= John S. Schuchman =

American educator and academic administrator

John Stanley Schuchman (November 12, 1938 – December 19, 2017) was an American educator and academic administrator who taught at Gallaudet University.

Born in Indianapolis on November 12, 1938, Schuchman was raised by parents Harry and Florence Schuchman, who were deaf and spoke American Sign Language at home. Schuchman graduated from Butler University in 1961 with a bachelor's degree, then earned a Master's degree in history in 1963 and doctorate in history in 1969 from Indiana University Bloomington, as well as a J. D. from Georgetown.

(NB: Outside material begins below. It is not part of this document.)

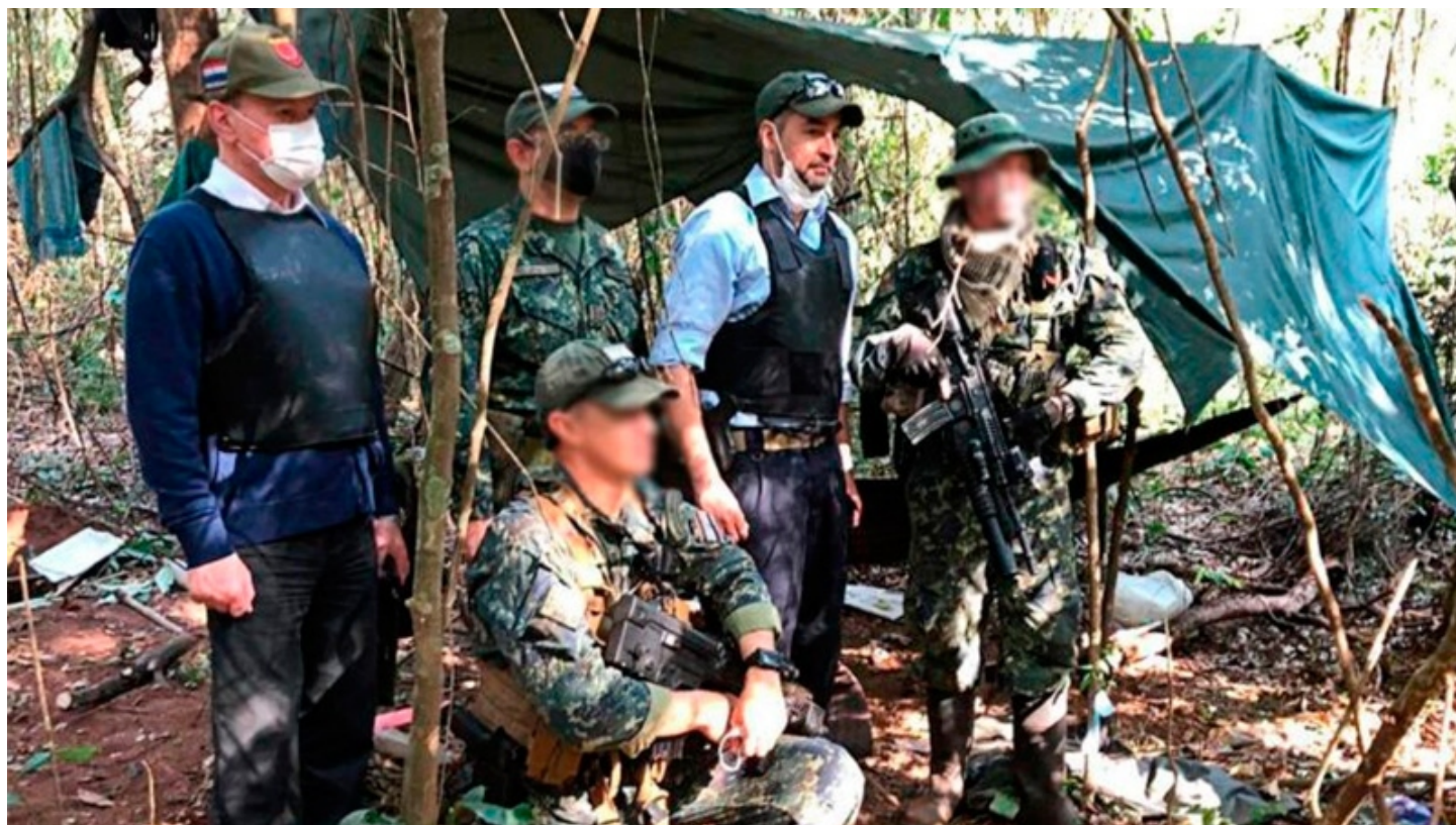
El presidente Mario Abdo Benítez junto a los asesinos de las dos niñas argentinas.

He joined the Gallaudet University faculty in 1967. Three year later, Schuchman began his career as an academic administrator, first as dean of Gallaudet, then vice president for academic affairs, and provost. He stepped down in 1985, and resumed teaching. In 1988, Schuchman wrote Hollywood Speaks: Deafness and the Film Entertainment Industry, which covered the portrayal of deafness in the film industry. Schuchman retired in 1998, though he continued to teach until 2000. In 2002, Schuchman and Donna F. Ryan coauthored Deaf People in Hitler's Europe, about the persecution of the deaf in Nazi Germany though what later became known as Aktion T4. Schuchman died of cancer on December 19, 2017, at his home in Ashburn, Virginia, aged 79.